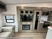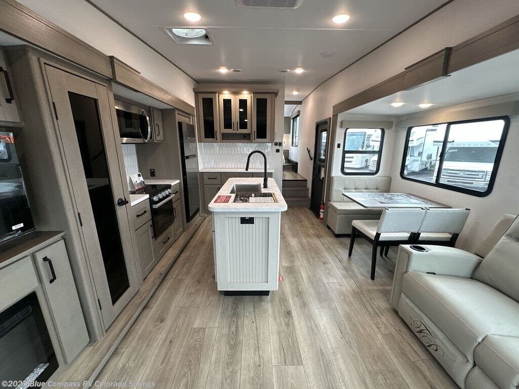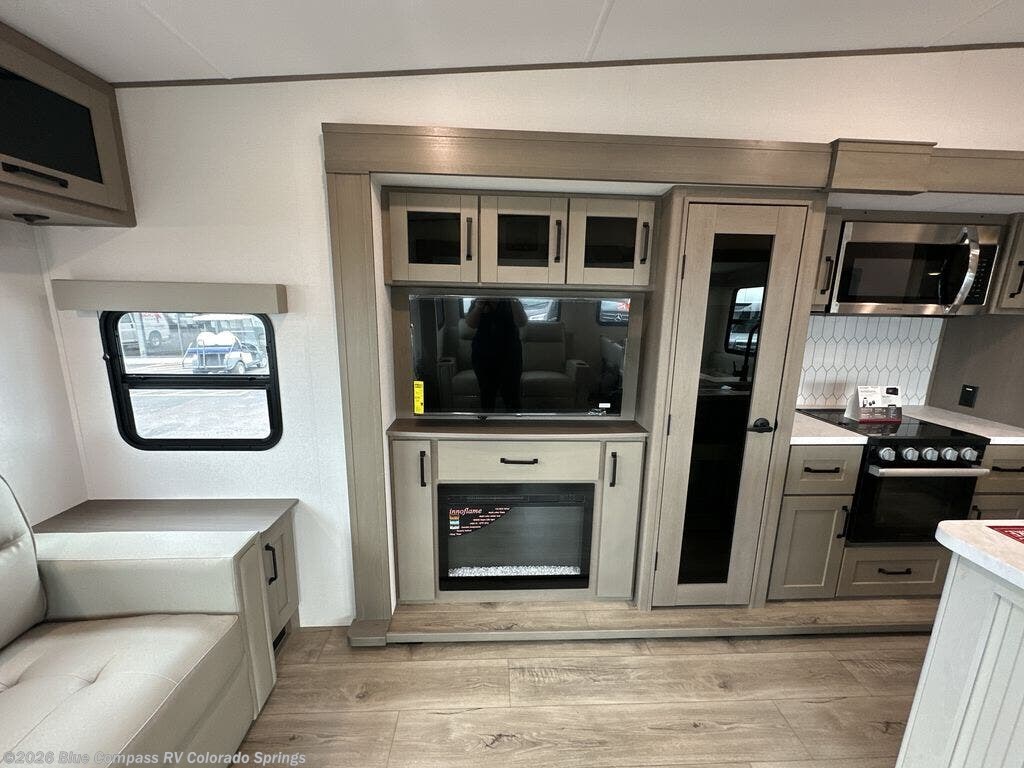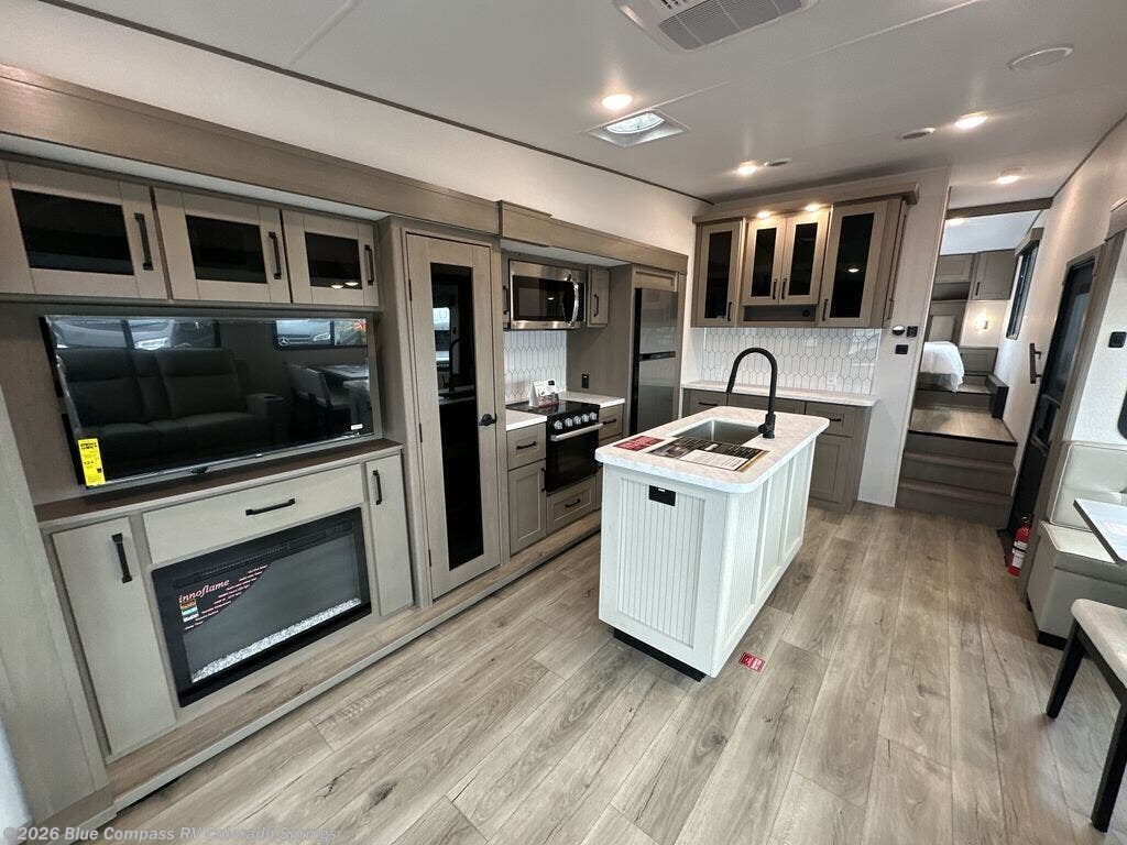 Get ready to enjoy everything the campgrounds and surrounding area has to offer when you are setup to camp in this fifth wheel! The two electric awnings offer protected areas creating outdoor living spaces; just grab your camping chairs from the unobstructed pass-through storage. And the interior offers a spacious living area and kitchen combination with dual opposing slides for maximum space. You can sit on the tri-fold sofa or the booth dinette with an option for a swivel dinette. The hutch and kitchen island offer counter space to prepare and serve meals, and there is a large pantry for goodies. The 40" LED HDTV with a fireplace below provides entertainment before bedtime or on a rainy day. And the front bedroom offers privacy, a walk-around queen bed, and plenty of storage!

=-=-=

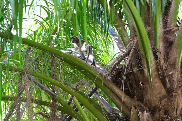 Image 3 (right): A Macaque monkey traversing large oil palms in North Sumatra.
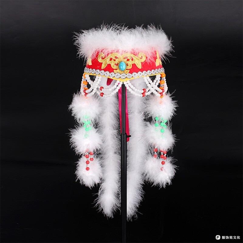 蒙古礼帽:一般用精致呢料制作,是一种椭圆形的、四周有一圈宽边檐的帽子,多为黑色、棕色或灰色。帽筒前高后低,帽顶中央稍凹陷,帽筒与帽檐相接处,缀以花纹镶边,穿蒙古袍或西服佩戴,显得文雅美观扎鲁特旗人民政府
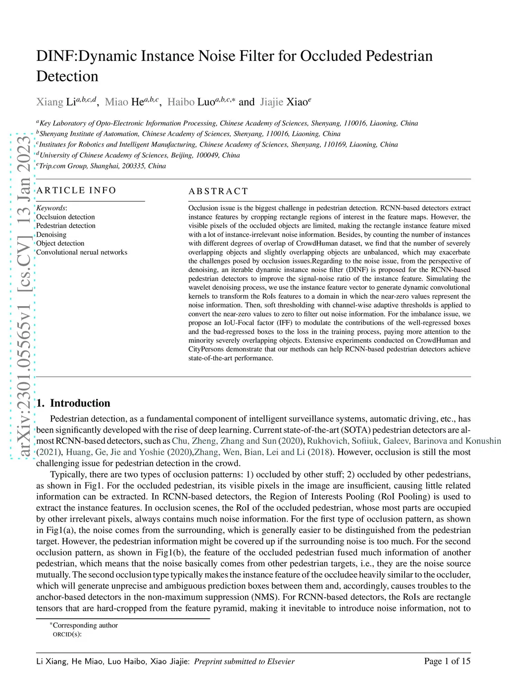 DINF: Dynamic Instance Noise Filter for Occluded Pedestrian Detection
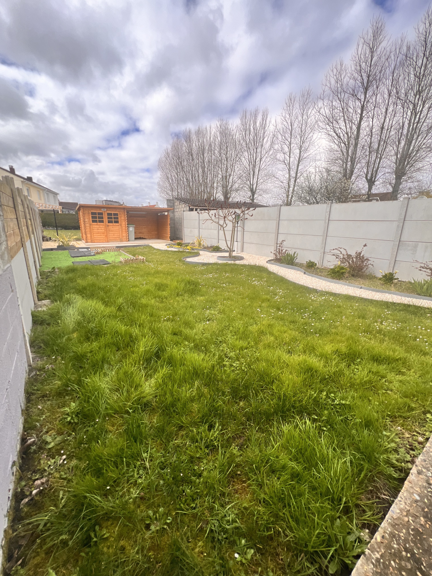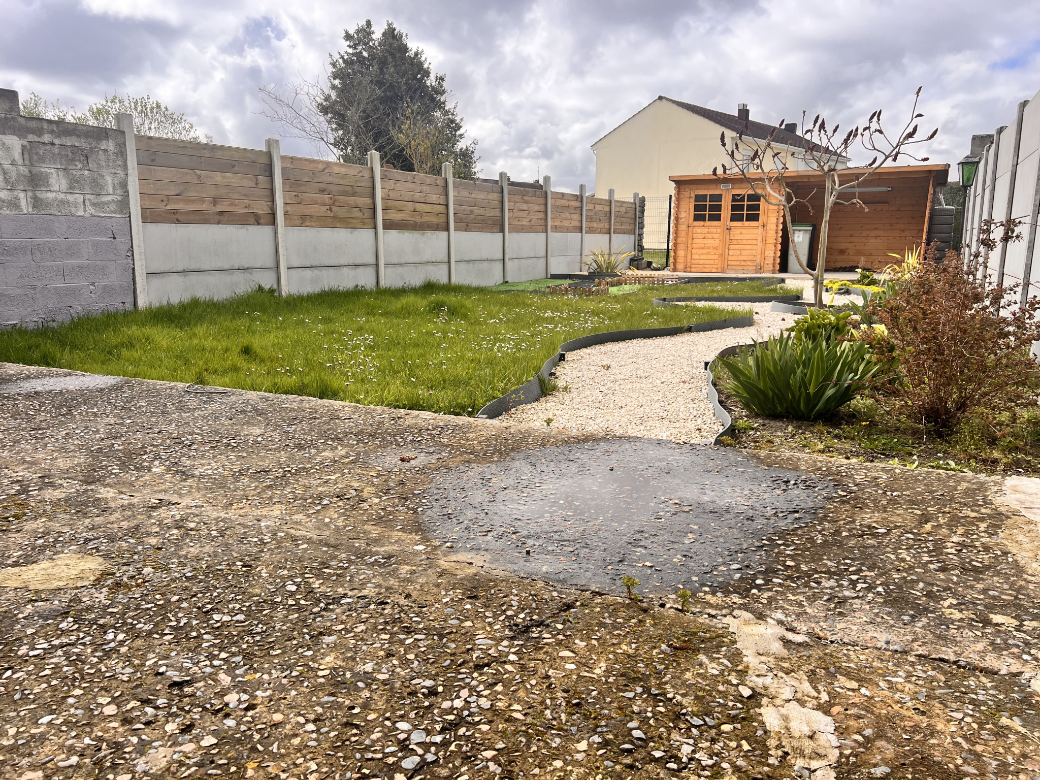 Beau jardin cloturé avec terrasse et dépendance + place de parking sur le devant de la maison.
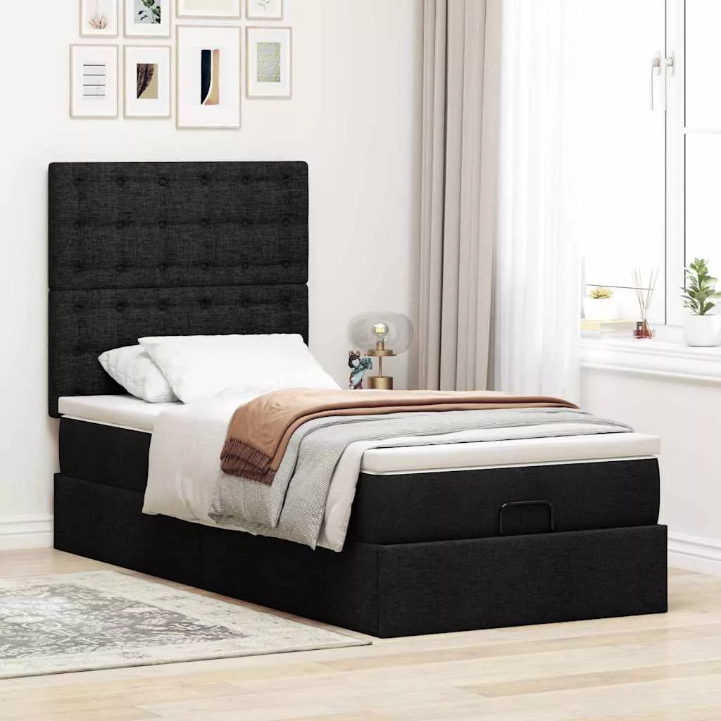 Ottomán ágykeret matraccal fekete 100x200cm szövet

=-=-=

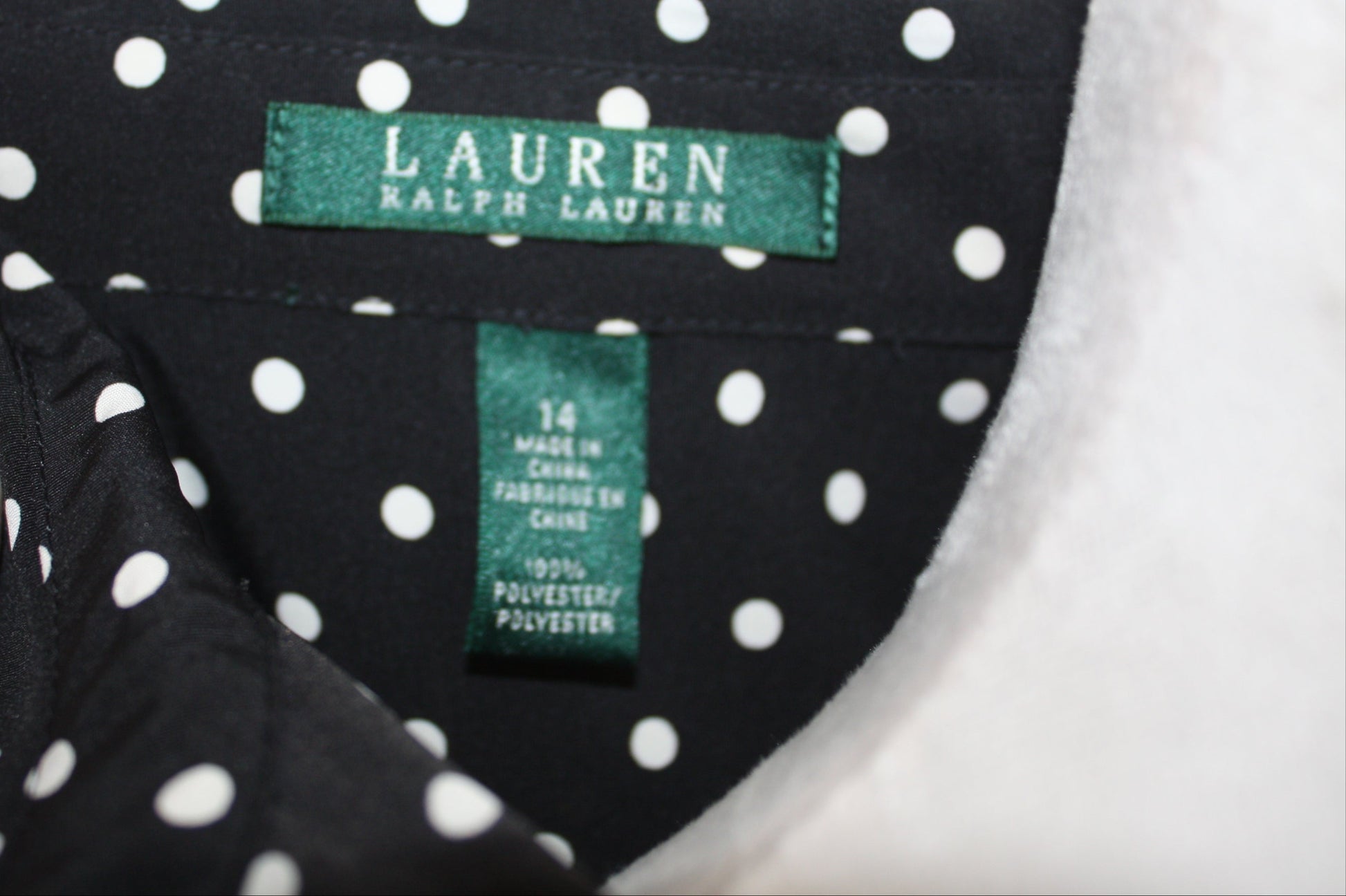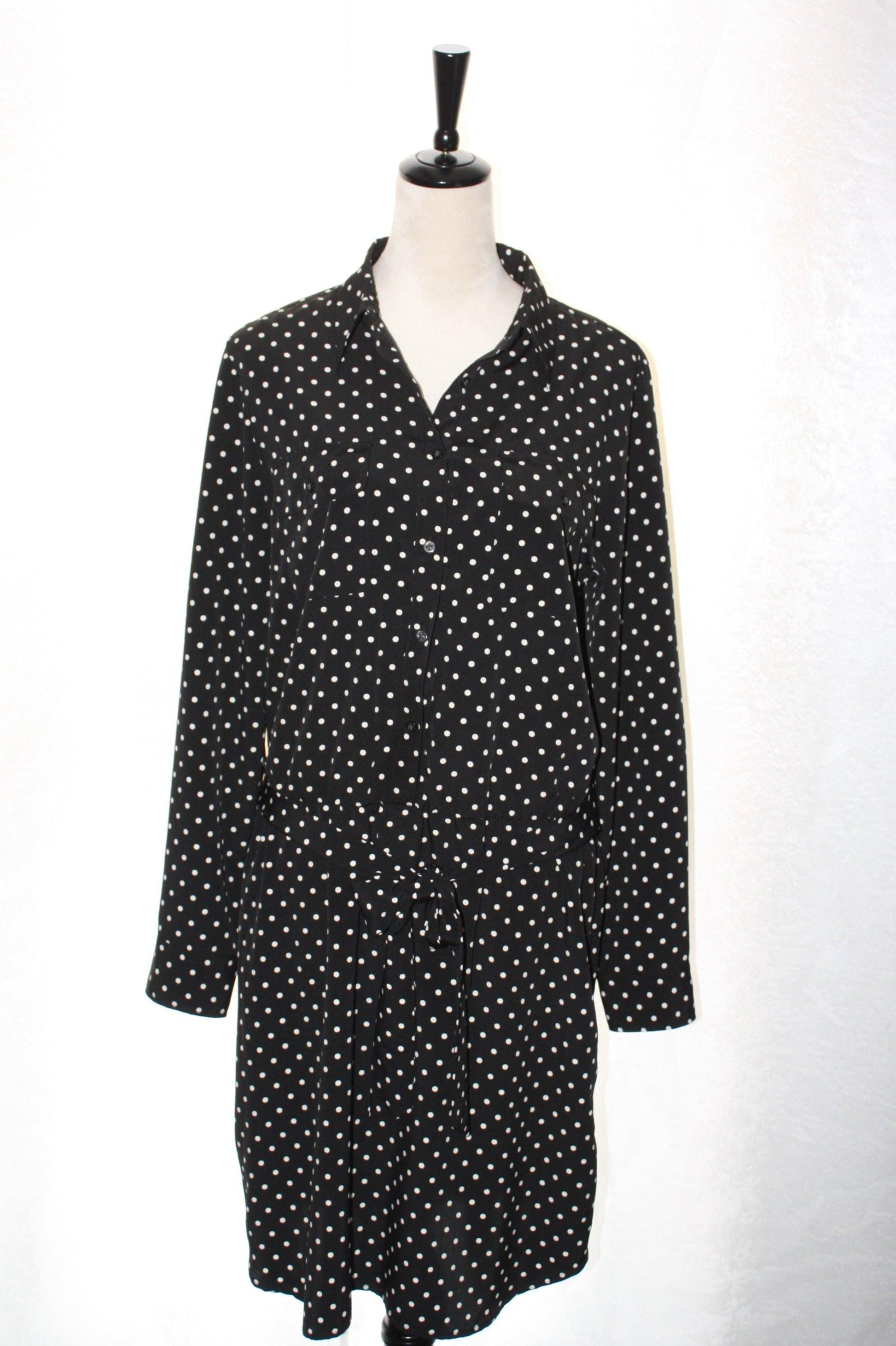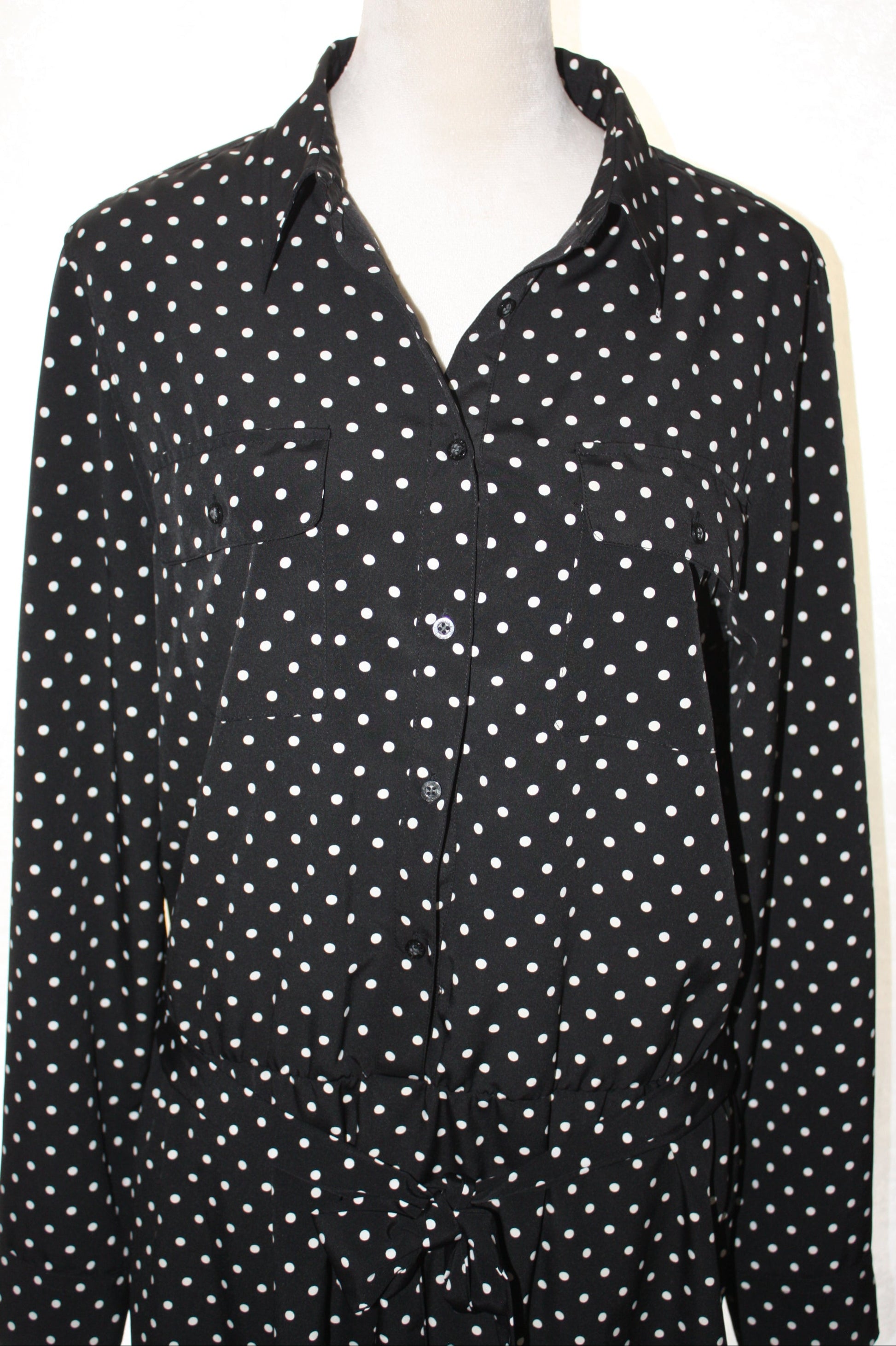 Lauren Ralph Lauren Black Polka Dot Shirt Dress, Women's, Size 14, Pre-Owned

=-=-=

= What to work on =
In the listing above, find the line with "蒙古礼帽:一般用精致呢料制作" and output every line through the one with "Ottomán ágykeret matraccal", exactly, without the pictures.

= The completed task =
 蒙古礼帽:一般用精致呢料制作,是一种椭圆形的、四周有一圈宽边檐的帽子,多为黑色、棕色或灰色。帽筒前高后低,帽顶中央稍凹陷,帽筒与帽檐相接处,缀以花纹镶边,穿蒙古袍或西服佩戴,显得文雅美观扎鲁特旗人民政府
 DINF: Dynamic Instance Noise Filter for Occluded Pedestrian Detection
 Beau jardin cloturé avec terrasse et dépendance + place de parking sur le devant de la maison.
 Ottomán ágykeret matraccal fekete 100x200cm szövet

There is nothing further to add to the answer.